**Assignment**
Leave out the pictures and output exactly the lines below from the one with "Flugzeuge Zivil Air" down to the one with "BhadraKali)* from November.", both of them included.

**Extracted information**
^^^^^^^^^^^^^^^^

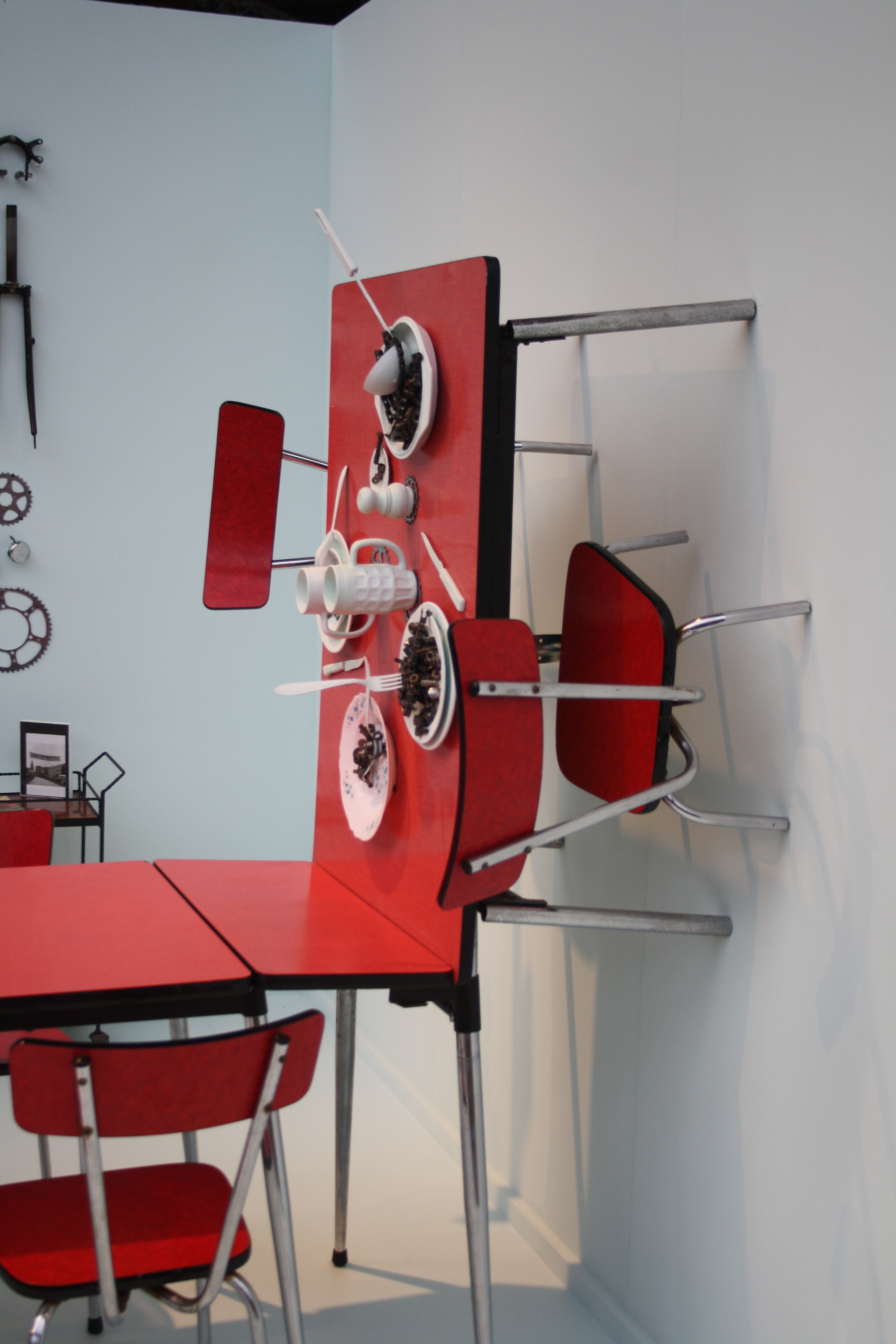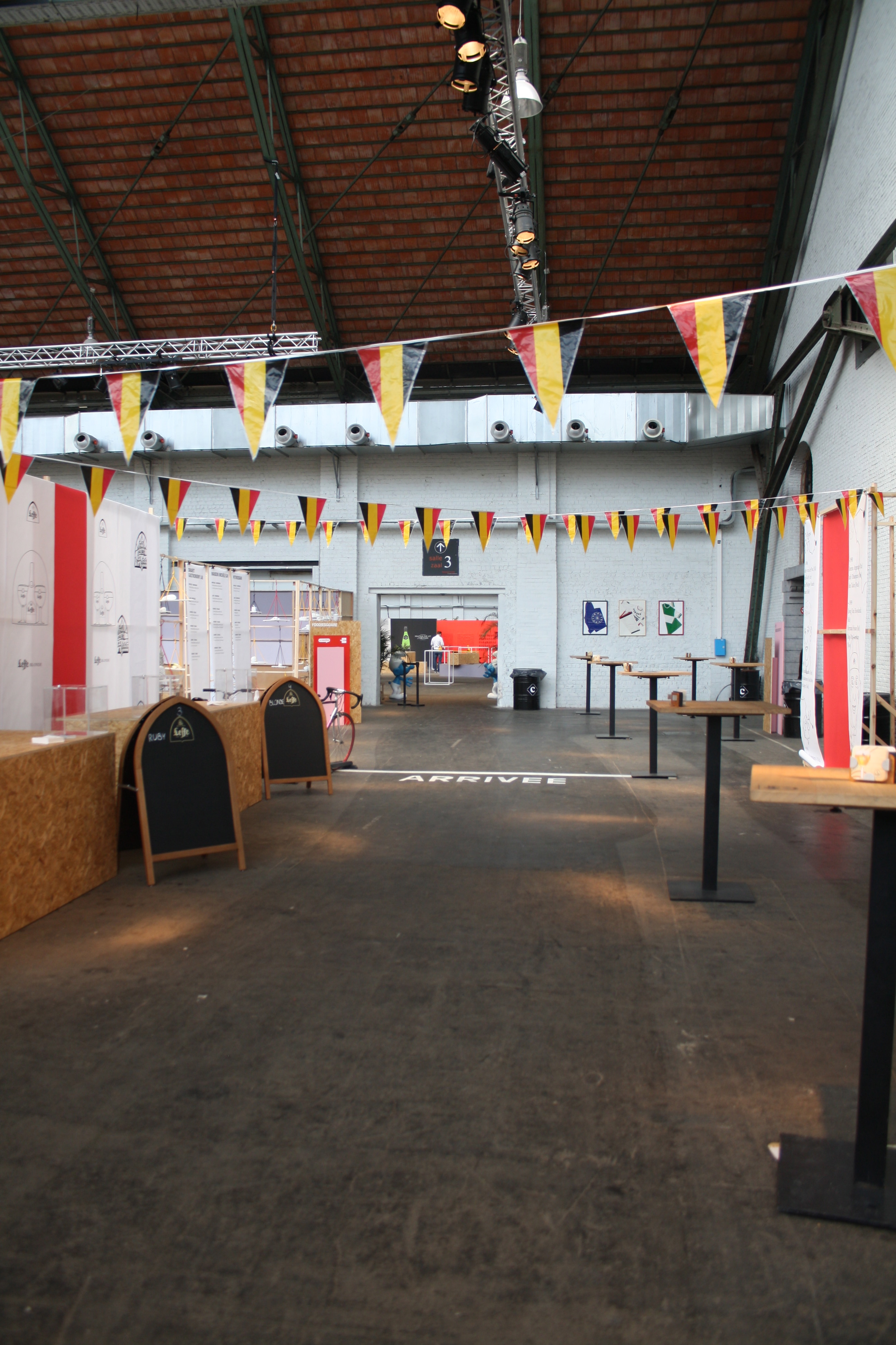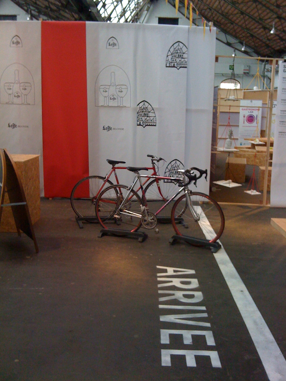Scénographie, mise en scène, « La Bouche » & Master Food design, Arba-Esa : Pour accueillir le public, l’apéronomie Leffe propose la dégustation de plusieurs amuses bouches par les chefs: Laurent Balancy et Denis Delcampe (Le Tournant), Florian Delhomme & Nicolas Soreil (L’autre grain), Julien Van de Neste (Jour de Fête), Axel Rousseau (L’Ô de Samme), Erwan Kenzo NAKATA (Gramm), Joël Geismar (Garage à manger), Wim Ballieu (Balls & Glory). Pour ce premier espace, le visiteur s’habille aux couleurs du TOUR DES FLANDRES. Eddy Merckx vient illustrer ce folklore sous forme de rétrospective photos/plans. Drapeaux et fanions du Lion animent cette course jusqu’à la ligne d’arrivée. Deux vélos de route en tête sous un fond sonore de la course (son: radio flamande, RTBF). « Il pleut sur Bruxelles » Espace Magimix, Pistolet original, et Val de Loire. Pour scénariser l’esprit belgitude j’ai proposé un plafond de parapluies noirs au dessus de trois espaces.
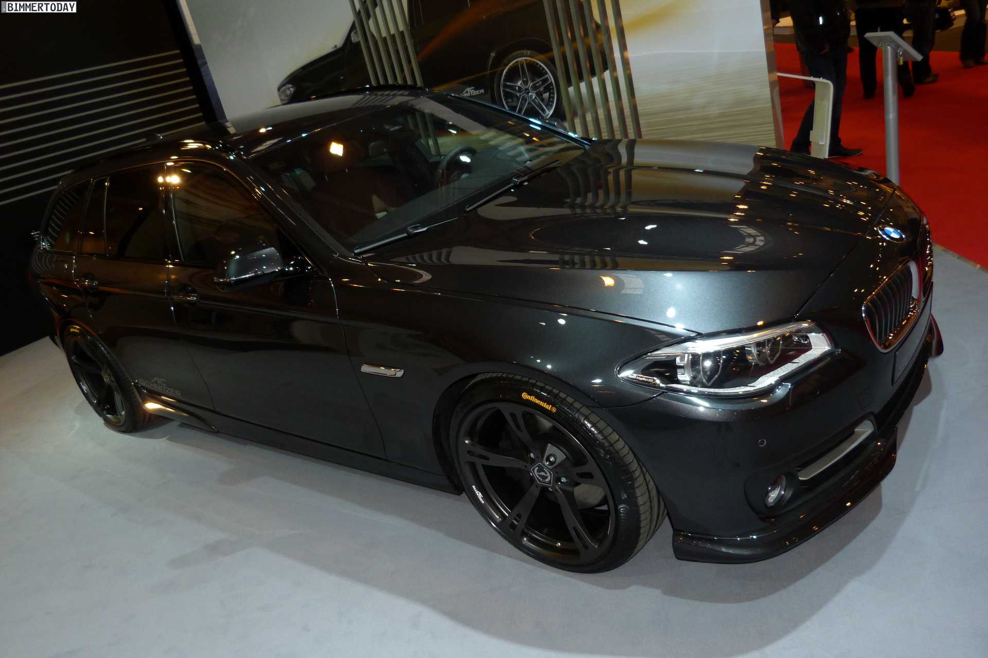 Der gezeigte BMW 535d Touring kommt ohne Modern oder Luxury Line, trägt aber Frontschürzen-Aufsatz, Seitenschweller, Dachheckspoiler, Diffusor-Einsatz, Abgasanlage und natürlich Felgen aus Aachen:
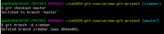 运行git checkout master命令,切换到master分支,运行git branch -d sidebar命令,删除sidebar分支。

^^^^^^^^^^^^^^^^

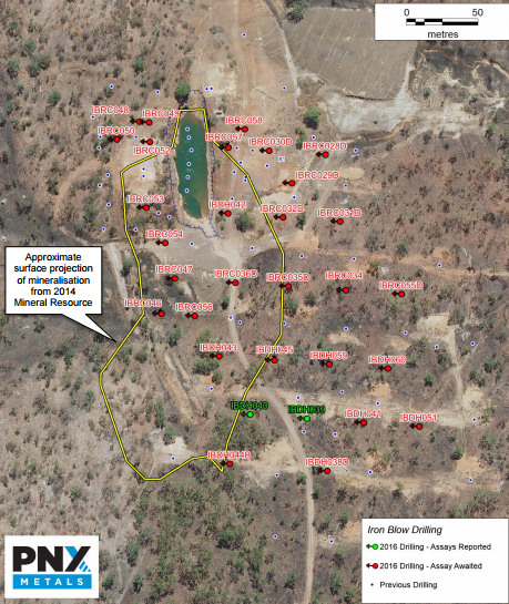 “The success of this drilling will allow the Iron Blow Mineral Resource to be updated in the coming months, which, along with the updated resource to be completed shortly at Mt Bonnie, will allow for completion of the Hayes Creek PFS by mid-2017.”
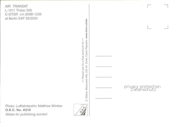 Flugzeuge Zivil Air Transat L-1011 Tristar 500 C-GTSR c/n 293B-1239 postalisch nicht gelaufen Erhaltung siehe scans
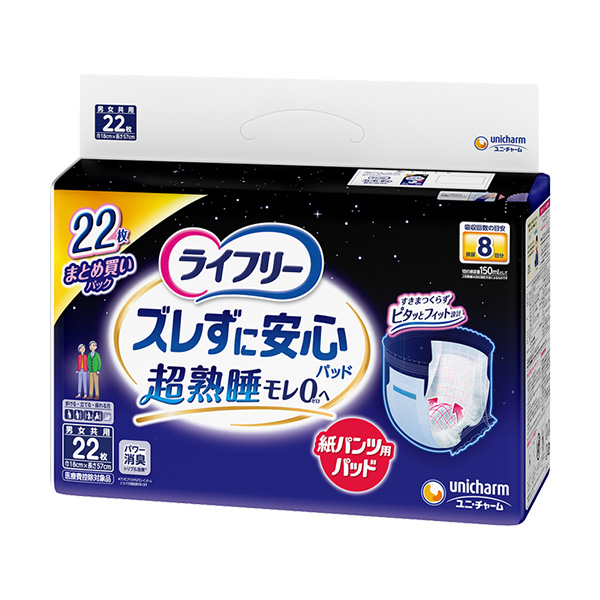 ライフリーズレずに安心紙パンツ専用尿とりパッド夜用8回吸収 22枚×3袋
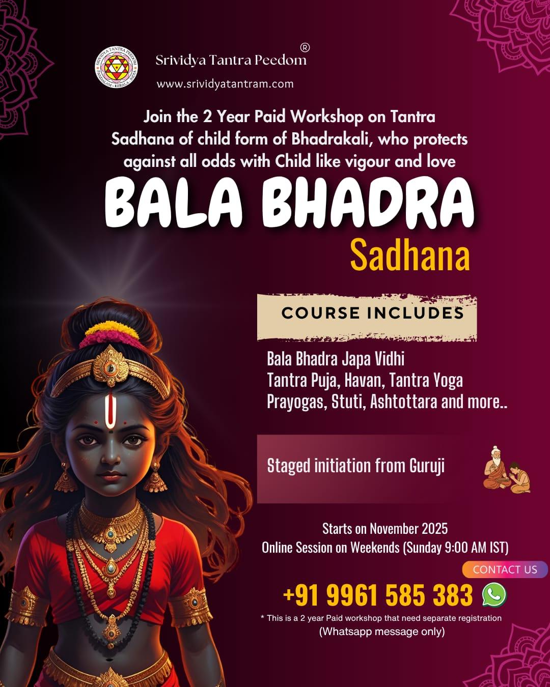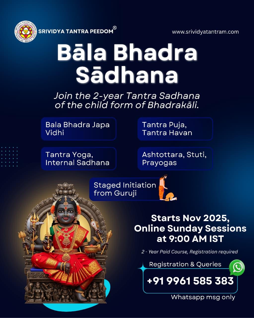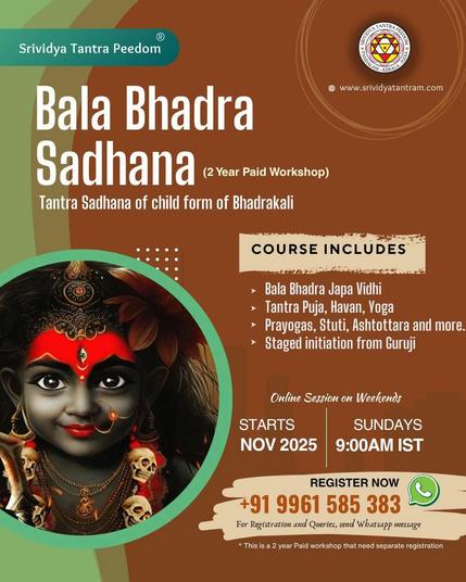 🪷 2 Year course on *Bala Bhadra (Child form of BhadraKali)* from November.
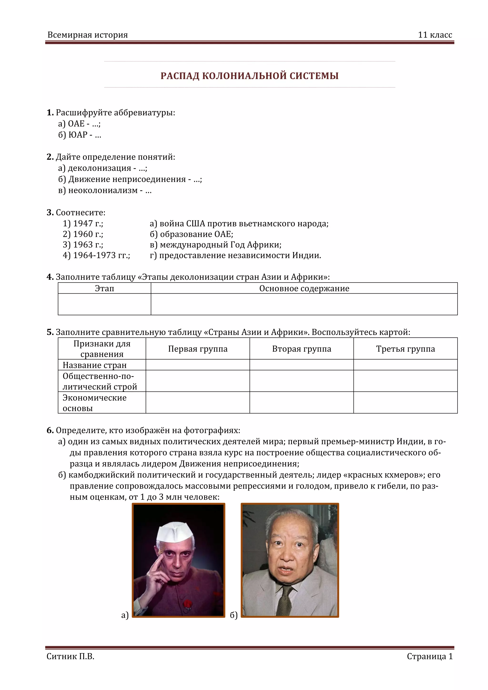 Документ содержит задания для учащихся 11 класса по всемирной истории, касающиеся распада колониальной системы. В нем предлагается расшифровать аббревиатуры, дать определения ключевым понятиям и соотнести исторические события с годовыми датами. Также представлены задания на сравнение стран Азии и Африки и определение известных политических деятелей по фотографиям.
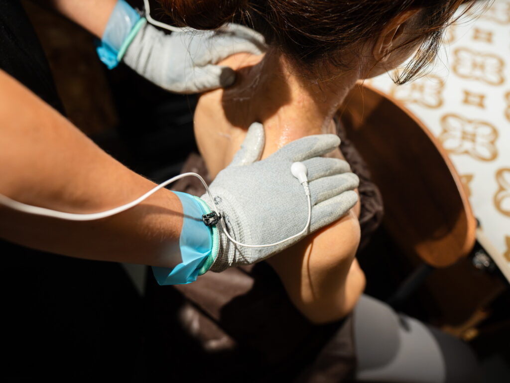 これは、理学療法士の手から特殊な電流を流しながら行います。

^^^^^^^^^^^^^^^^

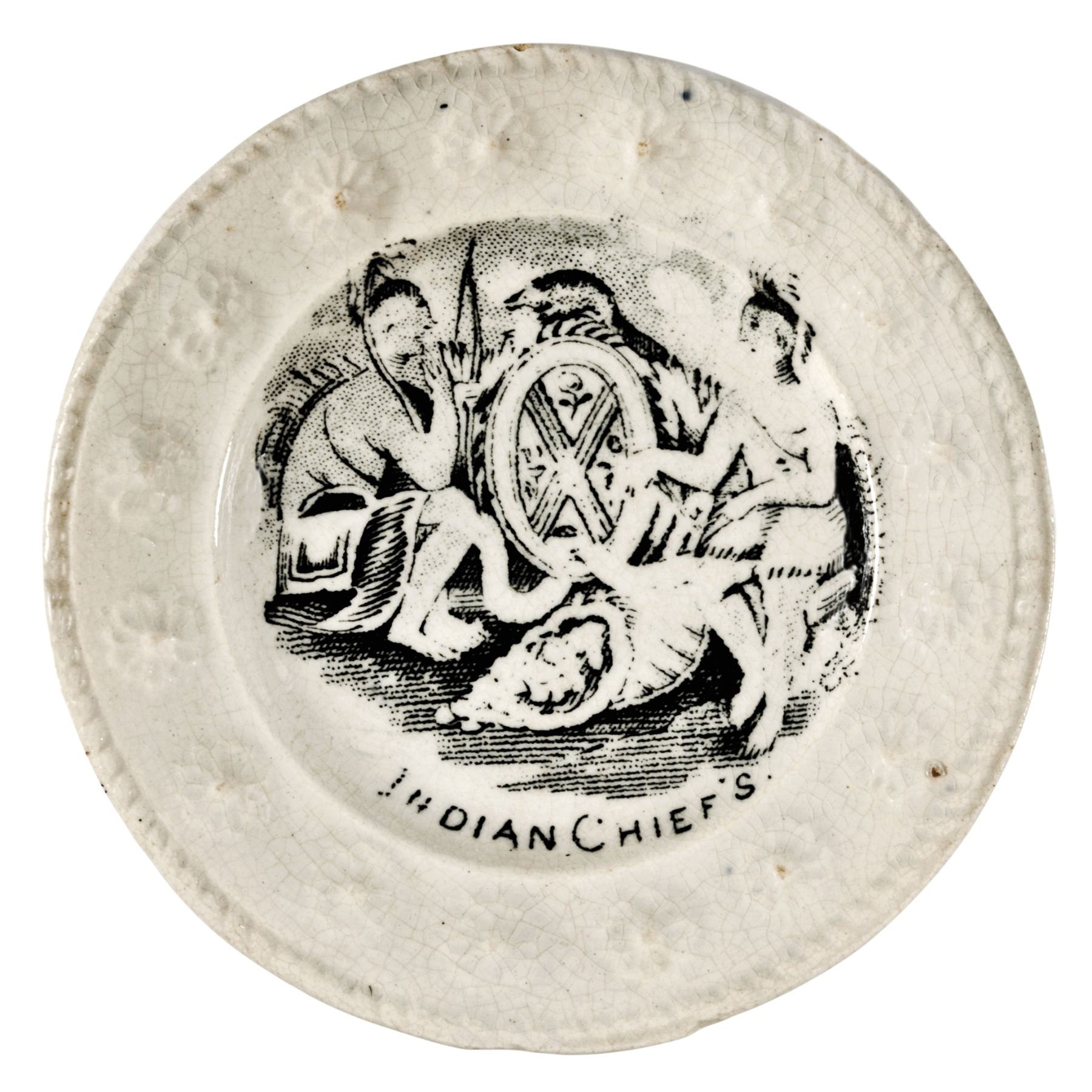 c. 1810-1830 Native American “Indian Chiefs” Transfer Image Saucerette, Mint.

^^^^^^^^^^^^^^^^

**Answer to this problem**
 Flugzeuge Zivil Air Transat L-1011 Tristar 500 C-GTSR c/n 293B-1239 postalisch nicht gelaufen Erhaltung siehe scans
 ライフリーズレずに安心紙パンツ専用尿とりパッド夜用8回吸収 22枚×3袋
 🪷 2 Year course on *Bala Bhadra (Child form of BhadraKali)* from November.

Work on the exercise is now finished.